O COJ entende que no 'artigo 218º, n.º3 não se regula a eventual competência do CSM quanto a funcionários de justiça [o que] resulta não só do texto do n.º1 do artigo 217º da CRP (...) mas também do facto de o legislador ordinário da Lei 10/94, de 5 de Maio, ter revogado o n.º2 do artº
136º da Lei n.º 21/85, que previa que 'O Conselho exerce também jurisdição sobre os funcionários de justiça'.
Refere também o COJ no seu pedido de reforma do acórdão que a fundamentação utilizada não teria tido em atenção as alterações legislativas que a Lei n.º 10/94, de 5 de Maio introduziu na Lei n.º 21/85, de
30 de Julho, de acordo com as quais o CSM não teria competência para apreciar o mérito e punir disciplinarmente os funcionários de justiça.

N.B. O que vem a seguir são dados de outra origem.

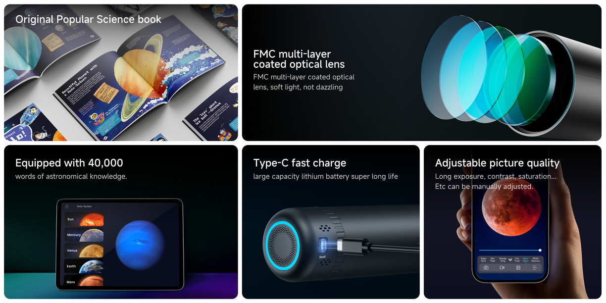 Smartphone ca ghid al telescopului pentru a explora minunile cerești fără efort, chiar dacă sunteți nou în privința stelelor.” Observație în timp real pe ecranul mare

Termina o pedido formulando as seguintes conclusões:
'1. O Douto Acórdão ao declarar inconstitucionais as normas dos artigos 95º e
107º, al. a) do D.L. n.º376/87, de 11/12, incorreu em manifesto lapso na determinação da norma constitucional face à qual se decidiu pela citada inconstitucionalidade, ou seja, o artº 218º, n.º 3 da CRP;
2. Este comando constitucional não atribui competência ao CSM para apreciar o mérito e exercer a função disciplinar sobre os funcionários de justiça, muito menos impõe que este órgão tenha competência exclusiva sobre esta matéria.
3. O art. 218º, n.º 3 permite, apenas, que os funcionários de justiça possam compartilhar o regime de autonomia dos juizes, atribuindo ao legislador ordinário a faculdade de alargamento, da composição imperativa do CSM definida no n.º1 do artigo e limitando o âmbito dos poderes funcionais dos membros do CSM eleitos pelos funcionários de justiça. Isto é,
4. Este preceito constitucional apenas previne a hipótese de a lei ordinária atribuir jurisdição ao CSM sobre os funcionários de justiça, o que actualmente não sucede. E, nessa hipótese, tal norma - que regula a composição do CSM e não a sua competência – 'constitucionaliza' antecipadamente a nova composição daquele Conselho.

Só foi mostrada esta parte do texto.